TASK BRIEF:
Find the line with "2023年一季度中国A股影视院线上市企业营收前10企业统计图" in the records below, then please transcribe it and every later line exactly, omitting the pictures and adding nothing.

SOURCE MATERIAL:
=====

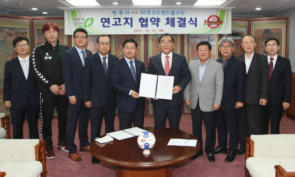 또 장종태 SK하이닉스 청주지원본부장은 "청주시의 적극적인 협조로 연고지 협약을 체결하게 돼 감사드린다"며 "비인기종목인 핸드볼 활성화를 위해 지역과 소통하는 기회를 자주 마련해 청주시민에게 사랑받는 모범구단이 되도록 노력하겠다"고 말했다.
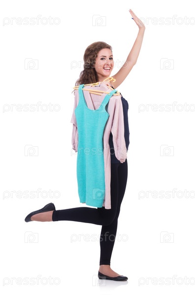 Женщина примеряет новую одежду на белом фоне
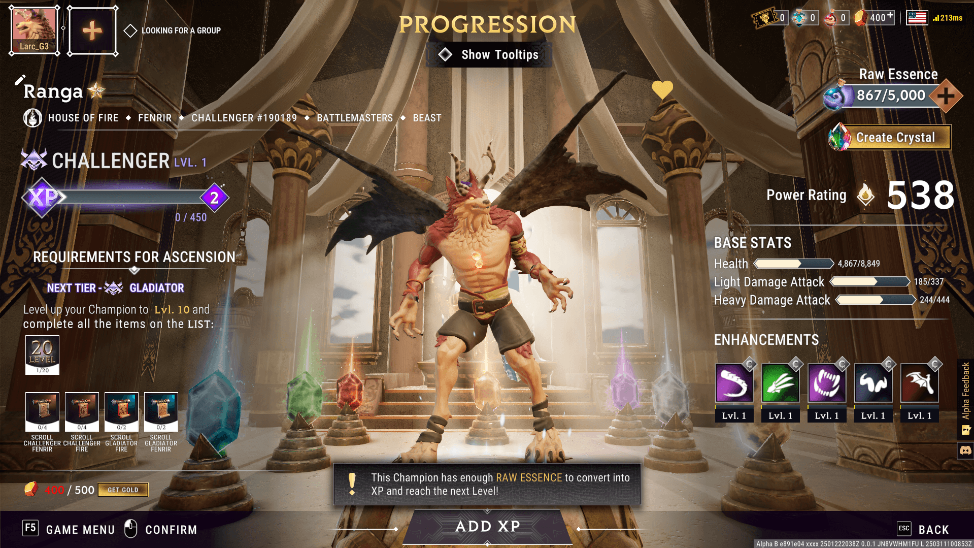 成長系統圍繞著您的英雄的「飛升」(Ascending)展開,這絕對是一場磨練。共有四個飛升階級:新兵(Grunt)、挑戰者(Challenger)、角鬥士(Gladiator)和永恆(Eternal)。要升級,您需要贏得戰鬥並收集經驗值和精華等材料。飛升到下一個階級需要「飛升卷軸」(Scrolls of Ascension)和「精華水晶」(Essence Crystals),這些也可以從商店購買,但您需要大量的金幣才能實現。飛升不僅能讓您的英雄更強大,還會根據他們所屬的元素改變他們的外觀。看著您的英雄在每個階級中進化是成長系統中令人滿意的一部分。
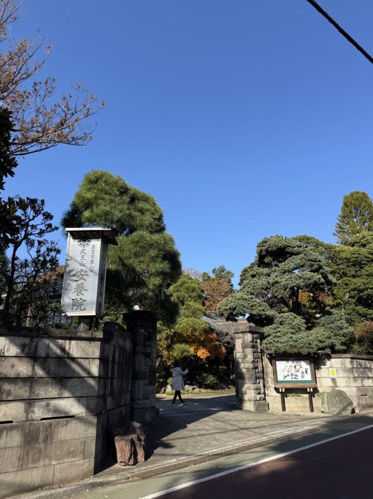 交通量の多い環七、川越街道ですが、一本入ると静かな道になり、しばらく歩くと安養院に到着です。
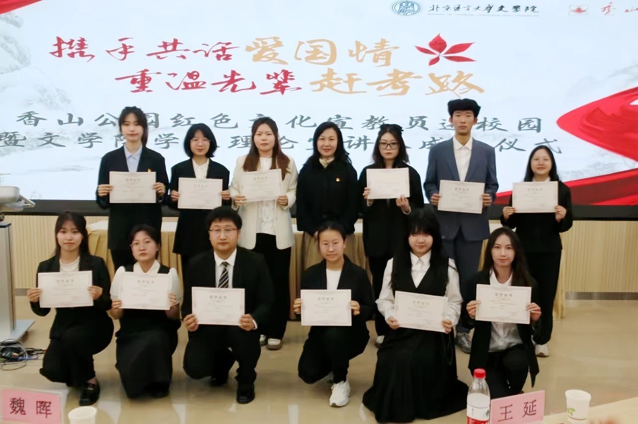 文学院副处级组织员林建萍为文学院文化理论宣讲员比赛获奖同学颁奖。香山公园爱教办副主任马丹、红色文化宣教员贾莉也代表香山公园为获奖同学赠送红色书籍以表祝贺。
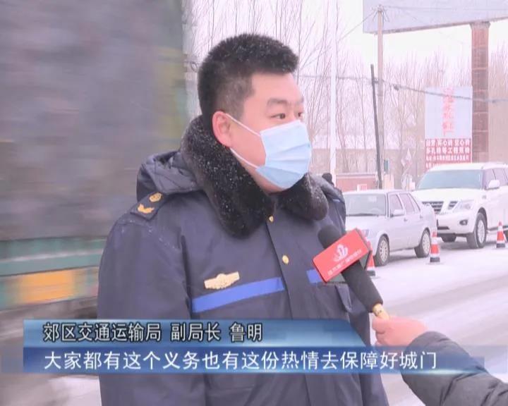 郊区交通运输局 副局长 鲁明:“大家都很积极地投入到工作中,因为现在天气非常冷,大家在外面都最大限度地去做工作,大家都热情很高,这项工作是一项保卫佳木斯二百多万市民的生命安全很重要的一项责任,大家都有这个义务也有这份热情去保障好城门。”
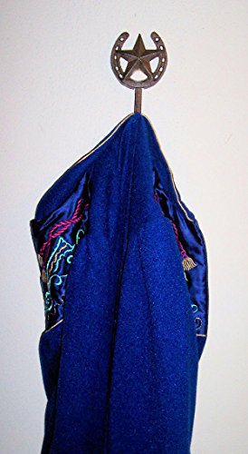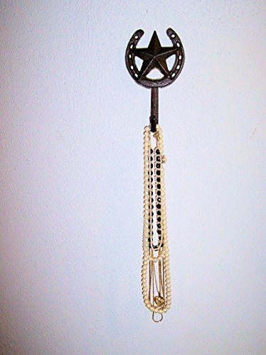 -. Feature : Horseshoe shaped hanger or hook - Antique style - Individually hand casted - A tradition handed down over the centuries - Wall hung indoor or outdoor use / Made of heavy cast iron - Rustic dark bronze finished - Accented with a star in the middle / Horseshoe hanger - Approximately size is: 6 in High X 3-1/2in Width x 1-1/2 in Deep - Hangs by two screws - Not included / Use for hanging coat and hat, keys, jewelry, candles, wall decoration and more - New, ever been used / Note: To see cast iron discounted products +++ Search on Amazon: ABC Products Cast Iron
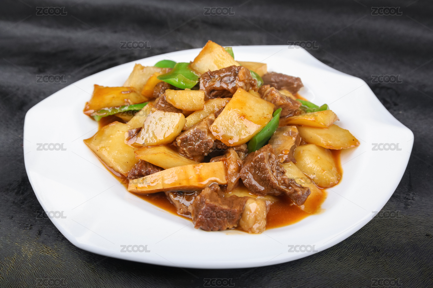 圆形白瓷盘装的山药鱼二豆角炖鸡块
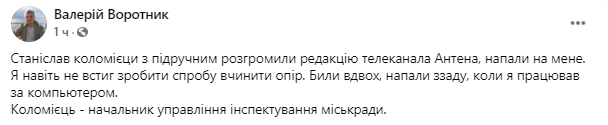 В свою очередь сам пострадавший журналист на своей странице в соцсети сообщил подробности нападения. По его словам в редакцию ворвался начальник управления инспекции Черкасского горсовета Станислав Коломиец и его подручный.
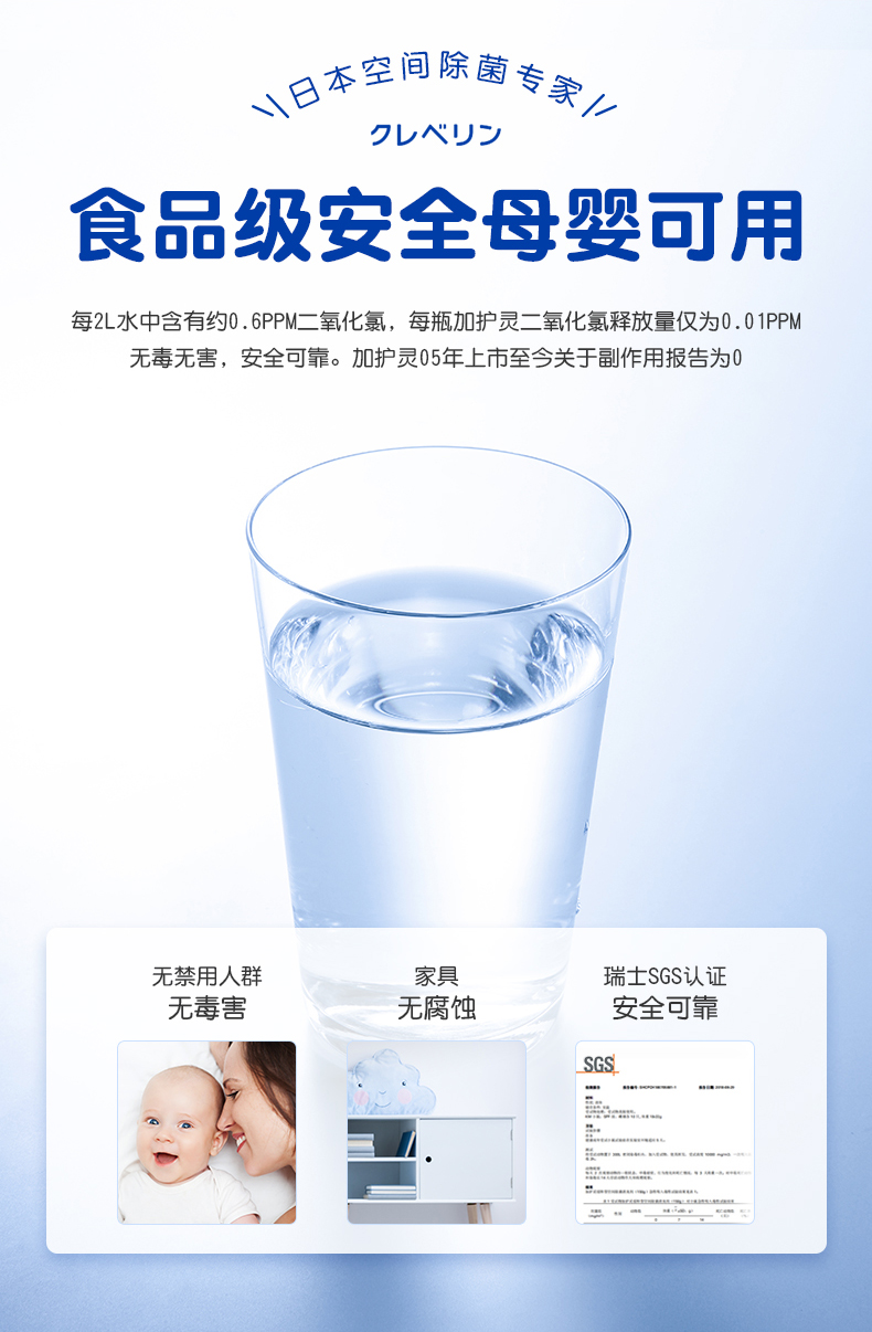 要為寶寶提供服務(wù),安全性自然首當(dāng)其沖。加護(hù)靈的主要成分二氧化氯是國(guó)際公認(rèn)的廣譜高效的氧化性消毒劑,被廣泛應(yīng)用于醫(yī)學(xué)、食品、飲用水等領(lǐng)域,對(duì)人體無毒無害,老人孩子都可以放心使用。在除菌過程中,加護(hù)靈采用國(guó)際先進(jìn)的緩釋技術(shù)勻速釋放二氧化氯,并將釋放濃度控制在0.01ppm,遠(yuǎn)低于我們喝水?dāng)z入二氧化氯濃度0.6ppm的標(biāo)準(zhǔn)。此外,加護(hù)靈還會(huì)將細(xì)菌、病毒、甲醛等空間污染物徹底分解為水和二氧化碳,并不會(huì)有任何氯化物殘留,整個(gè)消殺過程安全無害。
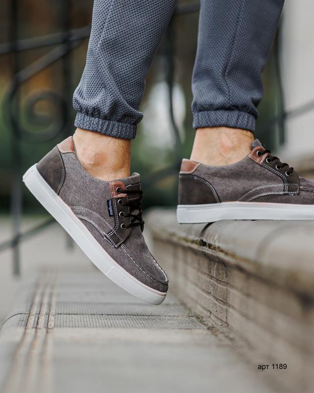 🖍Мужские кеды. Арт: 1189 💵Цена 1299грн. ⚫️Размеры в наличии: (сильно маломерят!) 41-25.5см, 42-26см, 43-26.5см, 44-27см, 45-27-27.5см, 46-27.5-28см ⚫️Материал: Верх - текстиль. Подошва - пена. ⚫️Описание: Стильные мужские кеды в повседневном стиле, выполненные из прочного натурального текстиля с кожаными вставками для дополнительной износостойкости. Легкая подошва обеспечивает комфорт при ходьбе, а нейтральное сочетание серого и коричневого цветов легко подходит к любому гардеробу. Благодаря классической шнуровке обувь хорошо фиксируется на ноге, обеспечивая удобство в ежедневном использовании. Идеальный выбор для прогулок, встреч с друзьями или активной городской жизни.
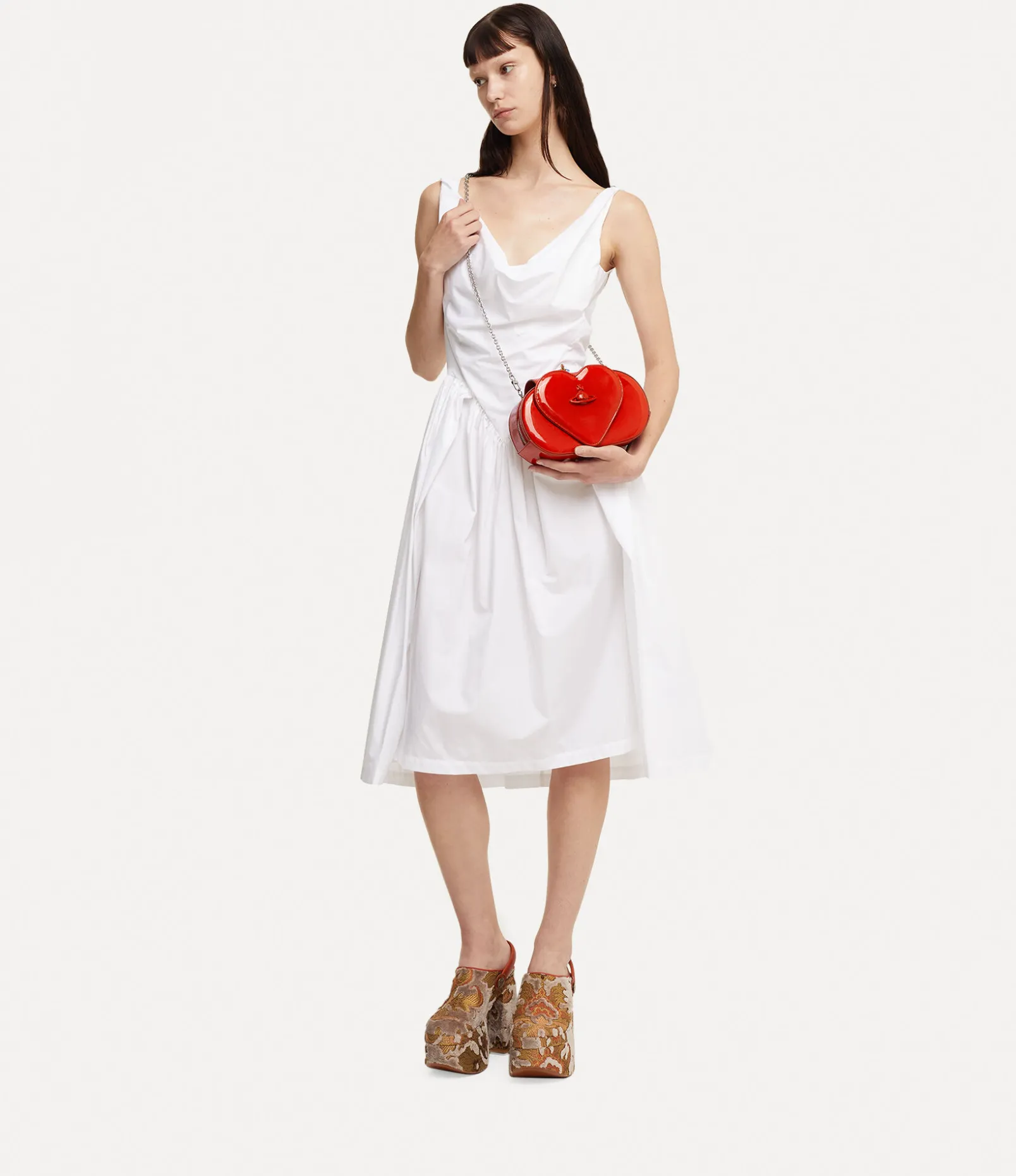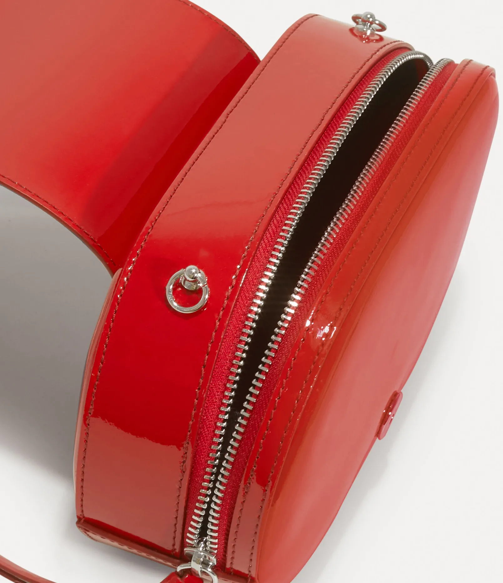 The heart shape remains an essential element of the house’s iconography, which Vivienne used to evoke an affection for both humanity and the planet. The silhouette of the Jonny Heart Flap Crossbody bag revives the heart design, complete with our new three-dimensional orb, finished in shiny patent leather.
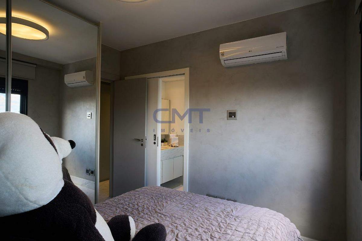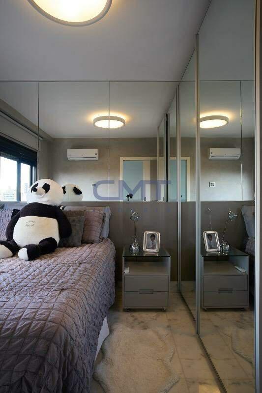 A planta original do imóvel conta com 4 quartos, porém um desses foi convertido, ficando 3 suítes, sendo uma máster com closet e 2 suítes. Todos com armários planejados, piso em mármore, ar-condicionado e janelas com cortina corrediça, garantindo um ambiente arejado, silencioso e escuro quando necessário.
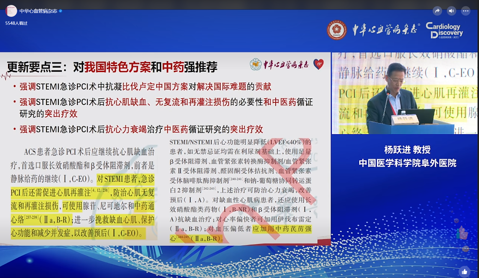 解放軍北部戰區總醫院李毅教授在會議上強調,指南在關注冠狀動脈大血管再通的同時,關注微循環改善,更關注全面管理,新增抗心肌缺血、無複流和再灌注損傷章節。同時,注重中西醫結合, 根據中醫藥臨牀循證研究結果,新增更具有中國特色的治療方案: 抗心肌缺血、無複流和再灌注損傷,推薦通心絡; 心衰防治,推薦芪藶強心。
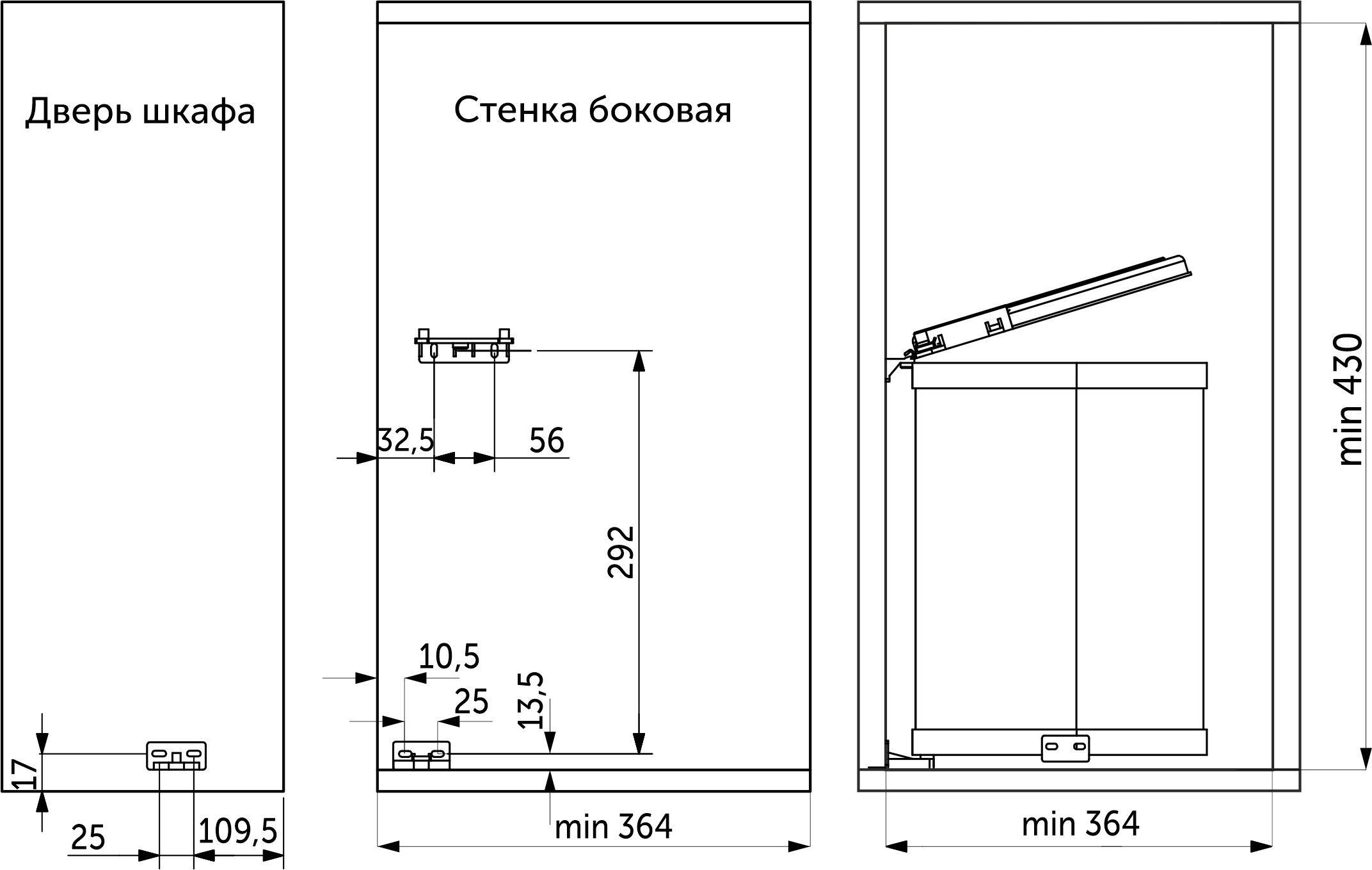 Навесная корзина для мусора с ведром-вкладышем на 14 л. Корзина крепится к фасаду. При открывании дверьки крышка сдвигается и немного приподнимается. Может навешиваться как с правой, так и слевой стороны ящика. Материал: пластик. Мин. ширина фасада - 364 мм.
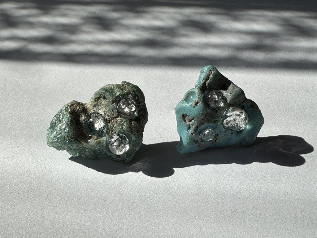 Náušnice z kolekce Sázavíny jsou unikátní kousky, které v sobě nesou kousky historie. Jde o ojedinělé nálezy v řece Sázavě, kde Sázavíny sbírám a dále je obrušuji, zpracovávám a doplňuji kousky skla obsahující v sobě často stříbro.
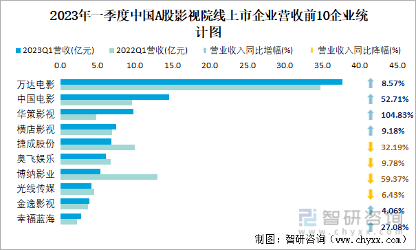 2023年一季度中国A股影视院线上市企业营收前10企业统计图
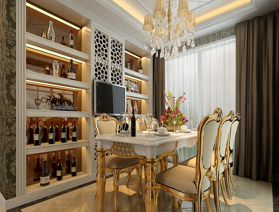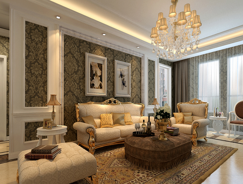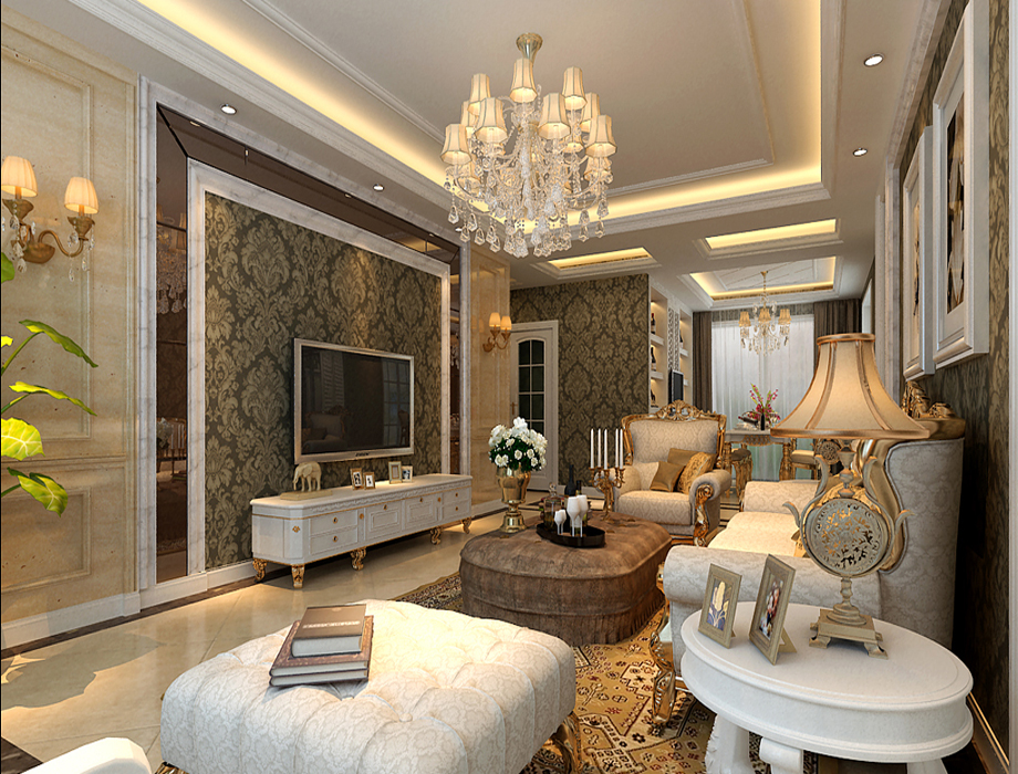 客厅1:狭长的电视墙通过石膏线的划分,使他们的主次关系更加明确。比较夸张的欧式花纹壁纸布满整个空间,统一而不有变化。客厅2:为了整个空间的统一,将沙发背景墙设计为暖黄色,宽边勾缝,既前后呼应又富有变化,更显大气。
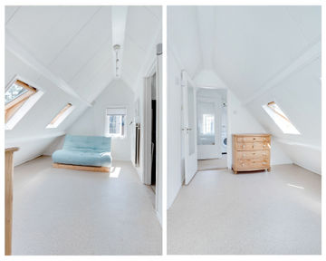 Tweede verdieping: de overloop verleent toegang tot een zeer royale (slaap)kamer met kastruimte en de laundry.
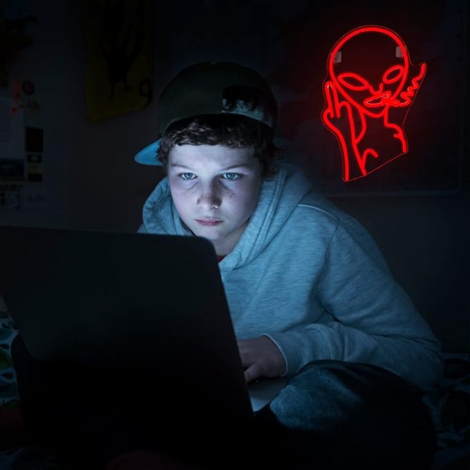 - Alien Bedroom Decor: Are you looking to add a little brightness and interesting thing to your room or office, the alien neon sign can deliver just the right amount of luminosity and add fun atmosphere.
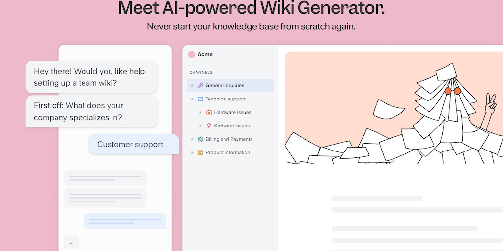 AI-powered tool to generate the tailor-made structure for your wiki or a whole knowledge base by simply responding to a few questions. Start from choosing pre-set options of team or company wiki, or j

=====

RESULT OF THIS TASK:
 2023年一季度中国A股影视院线上市企业营收前10企业统计图
 客厅1:狭长的电视墙通过石膏线的划分,使他们的主次关系更加明确。比较夸张的欧式花纹壁纸布满整个空间,统一而不有变化。客厅2:为了整个空间的统一,将沙发背景墙设计为暖黄色,宽边勾缝,既前后呼应又富有变化,更显大气。
 Tweede verdieping: de overloop verleent toegang tot een zeer royale (slaap)kamer met kastruimte en de laundry.
 - Alien Bedroom Decor: Are you looking to add a little brightness and interesting thing to your room or office, the alien neon sign can deliver just the right amount of luminosity and add fun atmosphere.
 AI-powered tool to generate the tailor-made structure for your wiki or a whole knowledge base by simply responding to a few questions. Start from choosing pre-set options of team or company wiki, or j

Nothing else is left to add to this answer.